Introduction
NASC checks the RNA quality at two points. We check the RNA quality when we first receive the samples from our users to make sure that there has been no degradation in transit. We then check again at the cRNA stage before fragmentation and hybridisation, to save wasting chips if the amplification and labelling process has not worked
NASC uses the Agilent Bioanalyzer to check the integrity of RNA. The output from the Bioanalyzer produces a graph that serves a similar purpose as a RNA gel. Along the X-axis measures time, which translates to fragment size. The shorter the time, the smaller the RNA fragment. The Y-axis measures the amount of RNA at that size (which would be the equivalent to darker bands in the gel). A 25bp RNA fragment is always spiked in to every sample- this always appears at the 24 second mark in the graphs below.
The ladder below shows the principle of size separation and quantitation by time.

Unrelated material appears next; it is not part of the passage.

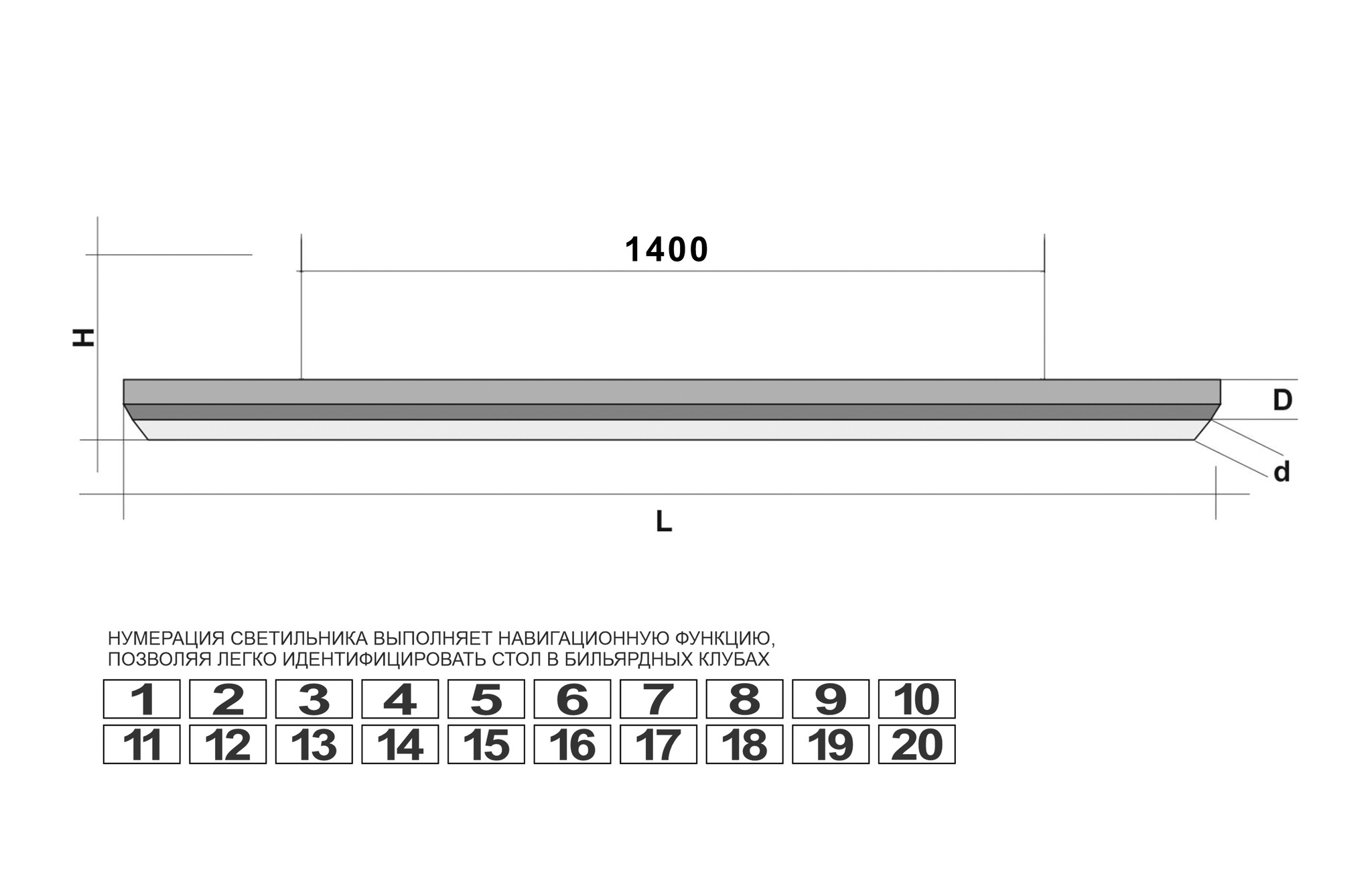 Современная светодиодная лампа «STARTBILLIARDS» Club Select 5 — это идеальное освещение для бильярда, где важна каждая деталь. Инженерная мысль, воплощенная в пяти монолитных секциях, создает сбалансированный световой поток, который равномерно покрывает всю поверхность стола размером 11-12 футов. Мощный светодиодный модуль лампы «STARTBILLIARDS» Club Select 5 дает яркий поток в 5000 люмен с холодным белым светом 6500K без теней и бликов, гарантируя максимальную концентрацию, точную цветопередачу сукна и шаров для исключительно прицельных ударов. Светодиодные панели общей мощностью 250Вт обеспечивают максимальную энергоэффективность и долгий срок службы. Лаконичный дизайн лампы «STARTBILLIARDS» Club Select 5 с безупречными пропорциями и матовыми поверхностями органично впишется в любой интерьер — от строгого клуба до современного лофта. В комплекте идет ярко подсвеченная номерная табличка, интегрированная в узкий торец лампы - важный функциональный элемент «STARTBILLIARDS» Club Select 5. Это решение является не только эстетически привлекательным дополнением, но и выполняет навигационную функцию, позволяя легко идентифицировать стол издалека, что особенно удобно для бильярдных клубов. Условные схематические обозначения: L - Длина светильника: 3020 мм d - Ширина светильника: 640 мм D - Высота светильника: 70 мм H - Длина троса #40;крепление#41;: 2000 мм

We also use a NanoDrop to calculate concentrations of the initial sample and to check the 260/280 ratio as an assessment of nucleic acid purity. A ratio of ~2.0 is generally accepted as 'pure' for RNA.
Total RNA from Users
Qiagen
A typical profile for a high quality RNA prep using the Qiagen Kit is represented below.
The size of the 18S peak and 28S peaks are calculated. The 28S/18S ratio is one of the key indicators of RNA quality - a ratio of 2 is ideal.
Trizol
We also accept Trizol extracted total RNA. The quality of RNA extracted using the Trizol reagent is not as clean as with the Qiagen Kit. However, a greater mass ( >100mg ) of tissue can be treated with Trizol to obtain higher RNA yields than with the Qiagen kit.
Notice the band at 25 seconds. This is the 5S ribosomal RNA and tRNA, and not small degraded RNA. The Trizol prep usually results in samples with good 5S ribosomal band isolation, in comparison to Qiagen column purification in which the 5S and tRNA are too small to be isolated along with the ribosomal and messenger RNA.
Degraded
The electropherogram below is typical of a degraded total RNA.
Notice the raised baseline between the marker peak and the two ribosomal peaks. As a sample degrades, the mRNA between the ribosomal bands will appear to rise while the 28S ribosomal band shrinks and becomes broader. A broad band at 22-24 seconds may also start to appear. This is where the highly degraded RNA migrates. The electropherogram for this degraded sample is slightly shifted to the left.
Unfragmented cRNA
The quality of the biotin labelled unfragmented cRNA is checked before GeneChip analysis. A poor cRNA prep usually indicates poor quality starting RNA.
The electropherogram for this unfragmented cRNA has been overlaid with the ladder to show the general size distribution of the cRNA. The ladder fragments are: 200, 500, 1000, 2000, 4000 and 6000 nt in length. A cRNA profile with a greater proportion of fragments above 500 nt is usually considered as a good prep. A 28S/18S ratio of zero indicates that there is no ribosomal RNA contamination.